Automated airborne particulate matter collection, imaging, identification, and analysis
11624695 · 2023-04-11
Assignee
Inventors
- Richard Lucas (Phoenix, AZ, US)
- Landon Bunderson (Castle Dale, UT, US)
- Nathan Allan (Mapleton, UT, US)
- Kevn Lambson (Lewis, CO, US)
Cpc classification
H04N23/67
ELECTRICITY
B03C3/36
PERFORMING OPERATIONS; TRANSPORTING
G01N1/2202
PHYSICS
H04N23/74
ELECTRICITY
G01N33/0062
PHYSICS
G01N2001/4038
PHYSICS
International classification
B03C3/36
PERFORMING OPERATIONS; TRANSPORTING
G01N33/00
PHYSICS
Abstract
The following is an apparatus and a method that enables the automated collection and identification of airborne particulate matter comprising dust, pollen grains, mold spores, bacterial cells, and soot from a gaseous medium comprising the ambient air. Once ambient air is inducted into the apparatus, aerosol particulates are acquired and imaged under a novel lighting environment that is used to highlight diagnostic features of the acquired airborne particulate matter. Identity determinations of acquired airborne particulate matter are made based on captured images. Abundance quantifications can be made using identity classifications. Raw and summary information are communicated across a data network for review or further analysis by a user. Other than routine maintenance or subsequent analyses, the basic operations of the apparatus may use, but do not require the active participation of a human operator.
Claims
1. A system for capturing images of particulate matter, the system comprising: a deposition surface, wherein the particulate matter is disposed on the deposition surface; an illumination apparatus comprising plurality of sources of electromagnetic radiation; a camera; and a control unit in communication with the camera and the plurality of sources of electromagnetic radiation, wherein the control unit is configured to execute instructions comprising: cycling the plurality of sources of electromagnetic radiation to illuminate the airborne particulate matter with a plurality of different wavelength combinations; and causing the camera to capture a plurality of images of the particulate matter, wherein each of the plurality of images corresponds with one of the plurality of different wavelength combinations emitted by the illumination apparatus.
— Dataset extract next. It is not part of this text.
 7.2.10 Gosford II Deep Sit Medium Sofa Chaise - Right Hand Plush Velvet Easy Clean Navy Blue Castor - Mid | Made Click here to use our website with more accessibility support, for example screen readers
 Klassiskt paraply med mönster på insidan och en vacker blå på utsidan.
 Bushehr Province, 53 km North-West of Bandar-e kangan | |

2. The system of claim 1, wherein the plurality of sources of electromagnetic radiation are disposed in a ring configuration forming a pixel light ring, and wherein the pixel light ring illuminates the deposition surface with the plurality of sources of electromagnetic radiation.
3. The system of claim 2, wherein the pixel light ring further comprises one or more reflective light baffles, and wherein each of the one or more reflective light baffles is configured to increase an amount of light incident on the deposition surface.
4. The system of claim 2, wherein the plurality of images of the particulate matter comprises one or more obliquely lit images, and wherein the one or more obliquely lit images are captured by the camera when an adaxial orientation of the pixel light ring is disposed at an oblique angle relative to the deposition surface.
5. The system of claim 1, wherein the plurality of images of the particulate matter comprises one or more dark-field images.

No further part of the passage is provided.